安声想了想,摇头:“不必了,随师父一同下葬吧。”
记忆就是最好的念想。
被人记得,或许就不算真正死去。
天转瞬黑了,晚间刮起阴沉的风,留在破庙里的除了安声与左时珩外,还有穆山以及另外帮忙做事的三人。
安声跪坐在棺材前,往一口陶盆里丢着纸钱。
火舌舔舐下,光亮由暗转明,再重新熄灭。
风从窗缝门缝里拼了命地挤进来,发出诡异的呜咽声,听的人头皮发麻。
谁也没有说话,只有风在哀鸣。
安声忆起两年前,脑中犹如播放着幻灯片,一幕幕近在眼前,十分清晰。
那个夜晚,也是这样大的风,还有一场大雪。
她冷得发抖,撞开了破庙的门,风卷着雪与她一道成了不速之客。
老乞丐抄起棍子,害怕地问她:“谁啊?”直到看清她的模样才放了心。
也是那晚,她重新找回了左时珩。
他生着病,发着高烧。
她失而复得,照顾了他一夜,甚至向神佛跪谢。
如今她仰头望着那更加颓旧的神像,似乎连面容也模糊了,变得黯然无光。
她不禁恍惚,往日种种,历历在目,何以就两年了呢。
两年,七百多个日夜,是长逝的流水,也是指尖的流沙。
便是握得再紧,手中依然空空如也。
……
因家中还有两个孩子,安声和左时珩不便在外过夜,还是要赶回去,这里留下穆山带人守着。
三日后,老乞丐下了葬,盖了土,立了碑。
他此一生无名无姓,无亲朋好友,却有后辈送他,让他不至于抛尸荒野,葬身狗腹,为他设灵堂,烧纸钱,倒也不算遗憾。
老乞丐下葬那日,安声夜里梦见了他。
梦里他身影混沌,始终看不真切。
安声问:“师父,您后来回去找到家人了吗?”
老乞丐笑道:“我早就没有家人咯,所以又回来麻烦你们了。
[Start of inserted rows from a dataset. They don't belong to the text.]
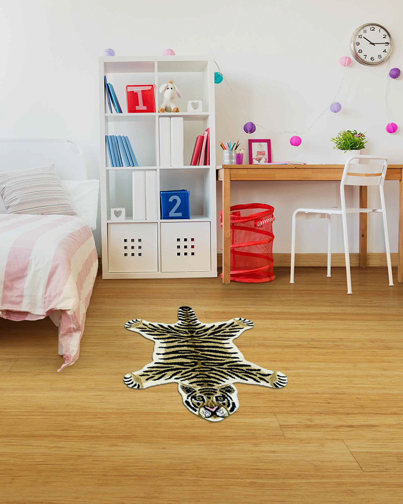 Tiger Skin Shaped 2ft x 3ft Hand Tufted Pure Wool Rug For Kids Room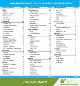 En virtud de los datos reportados este miércoles 16 de junio por el área de Vigilancia Epidemiológica del Ministerio de Salud, en Entre Ríos se han sumado 1.038 casos de Coronavirus. De ese modo, en la provincia son 100.404 los casos confirmados.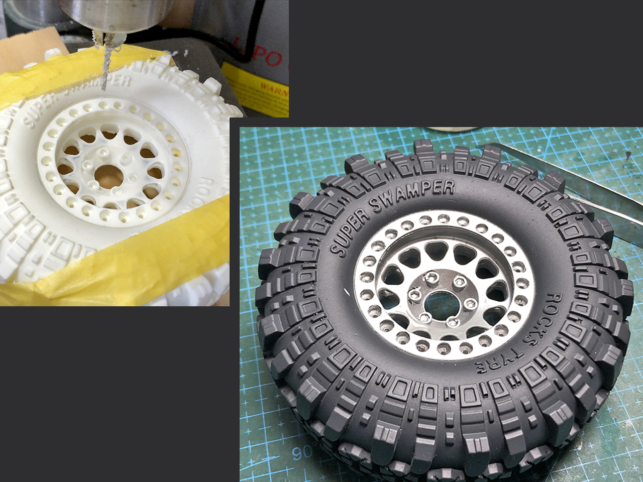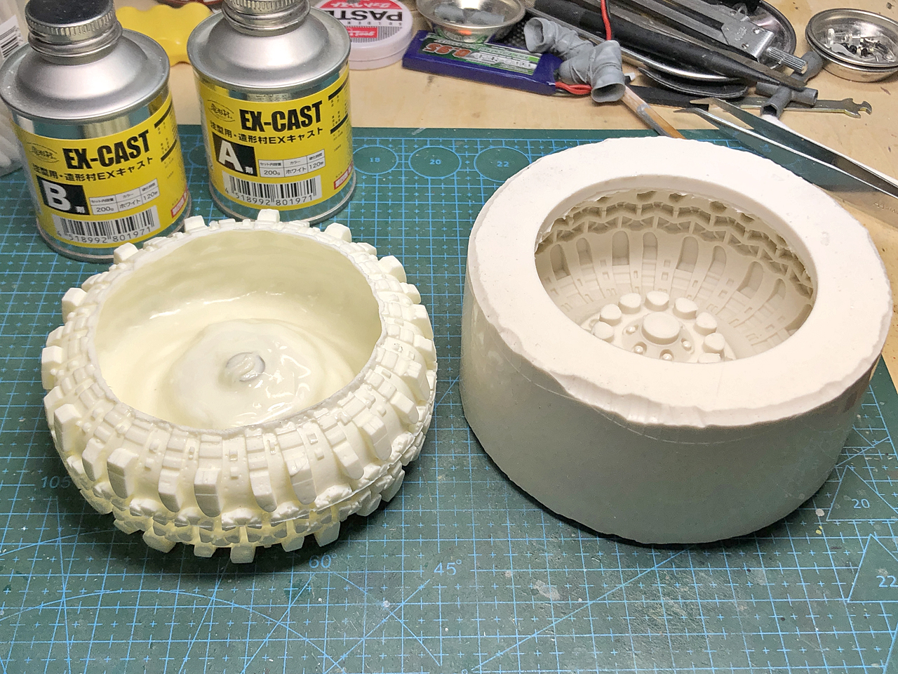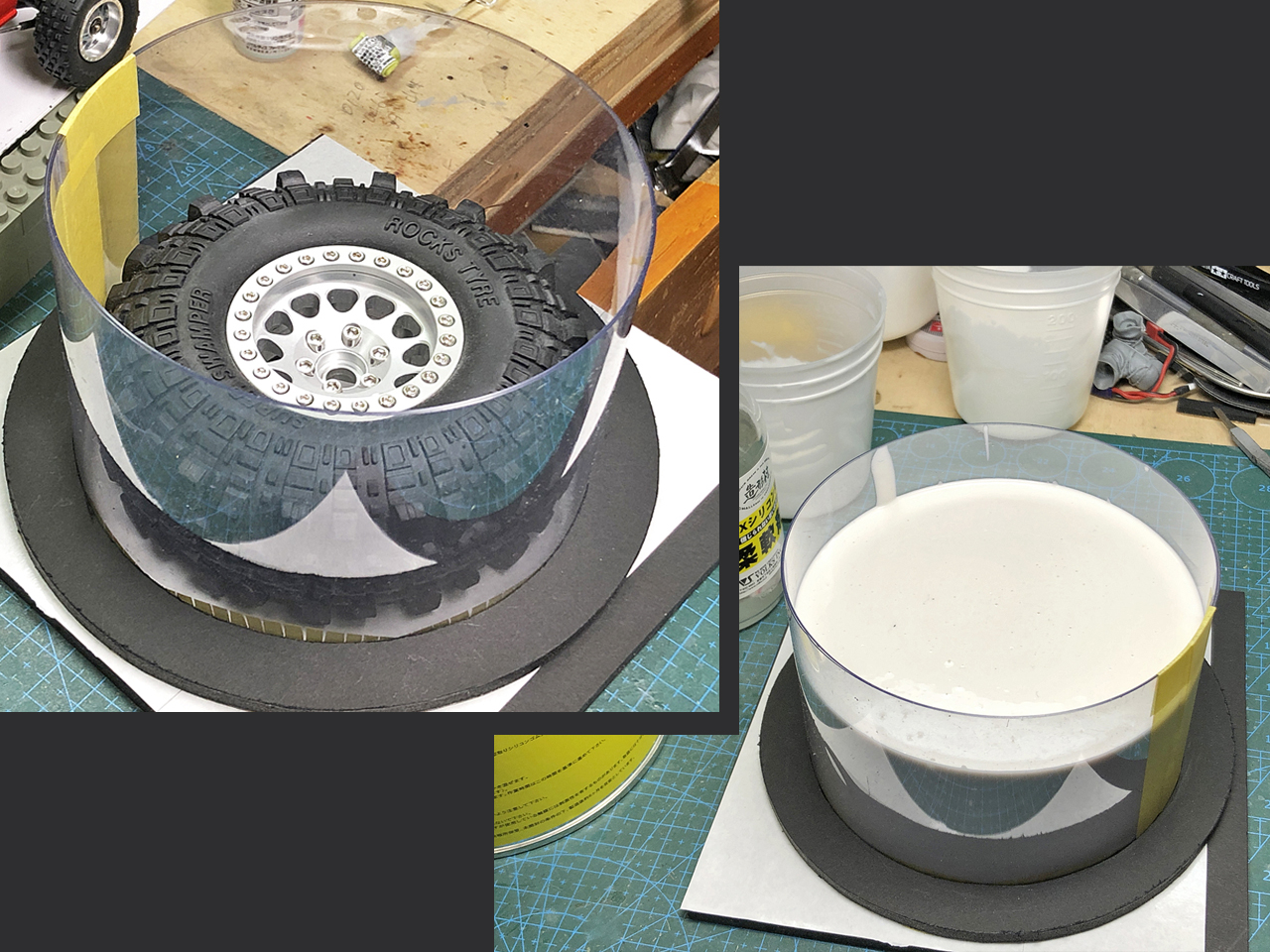 組み付けたタイヤとホイールに塩ビ板で囲いを立てて、シリコンゴムを流します。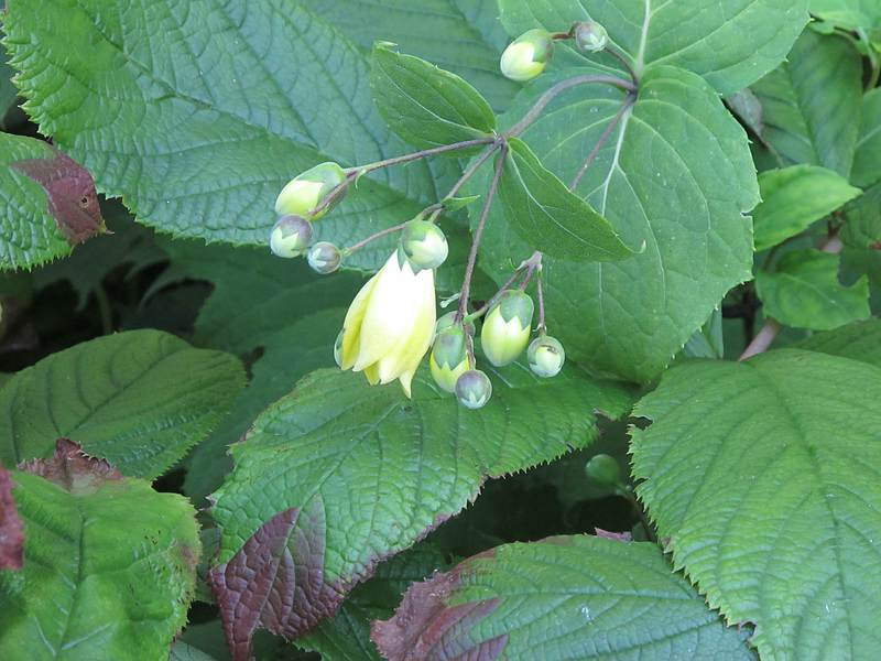 Im Vorgarten steht eine prächtige Kirengeshoma palmata, die sich moderat aussät.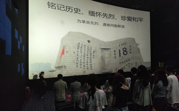 活动伊始,学院团委书记梁冰结合九一八事变的历史背景与时代意义,深刻阐释了“铭记历史”的现实价值。影片放映前,全体人员肃立,为在“九一八”事变及抗日战争中英勇牺牲的英烈和不幸遇难的同胞默哀。“那一刻,我感受到沉甸甸的责任。”2024级视觉与传达设计专业廖海琪说,“我们长在红旗下,享受着现在的国泰民安,更应该清楚,今天的幸福生活来得有多不容易,那是无数先辈用生命换来的!”

”
安声落泪,向他表示歉意,说没能给他尽孝。
他连连摆手:“你又不是我生我养,不必给我尽孝,我教你一门木头手艺,你还我一具木头棺材,已经报答完了。”
说罢他转身要走,安声紧追几步,问他去哪儿。
老乞丐没有回头,褴褛破旧的衣裳忽然变成了下葬时那一身崭新的寿衣。
他双手负后,颇有些洒脱味道。
他说:“世界万千,到别处去瞧瞧。”
又顿了顿,语气和蔼:“小姑娘,你喜欢这里,那就不要往前,留下来吧。”
第78章新年
安和二年的冬天冷得很早,一场大雪却迟迟不肯落下。
直到除夕当日,才终于纷纷扬扬露了面。
安声压着满腹心事,并不期待这个新年的到来,因此,即便她隐藏得再好,也被左时珩轻易看穿。
虽不知内情,但妻子的表现让他心头始终萦绕不安,沉闷闷的,仿佛正有场风雨即将来临。
他的心慌如无根之水,寻不到由头,这迫使他几乎要时刻让安声处于他的视线中才能够稍稍缓解。
好在他能够隐藏得很好,没有让她察觉出异常,亦不至于给她添加其他负担。
几个孩子倒是都很高兴,安声早早就带着李婶她们出门买了衣裳吃食等,为过年准备的东西在空置的客房里堆了许多。
得空,左时珩也单独与安声出门,添新的衣裳首饰,吃好吃的,到了傍晚再慢悠悠地散步回家。
他分外享受与她在一起的每一刻,哪怕她就在身边,也想始终看见她,听见她,触碰她,清晰感受她的存在。
这种孩子气的黏人,在他自省时也常常对自己感到好笑,因此秘而不宣,又放任自流。
他无比爱他们的孩子,但同时也确信,比起他们,他更爱她,更需要她。
对此,他宁愿自己与孩子们相处更多,也不太愿意他们将妻子的心神完全占据。
这算什么?至少不算君子所为。
若阿声知晓他这种暗中较劲的心理,定要瞠目结舌,以为幼稚了。
但他在她面前,又的确存在既成熟稳重又幼稚黏人的相互矛盾,只是通常他会将一面藏在另一面之下。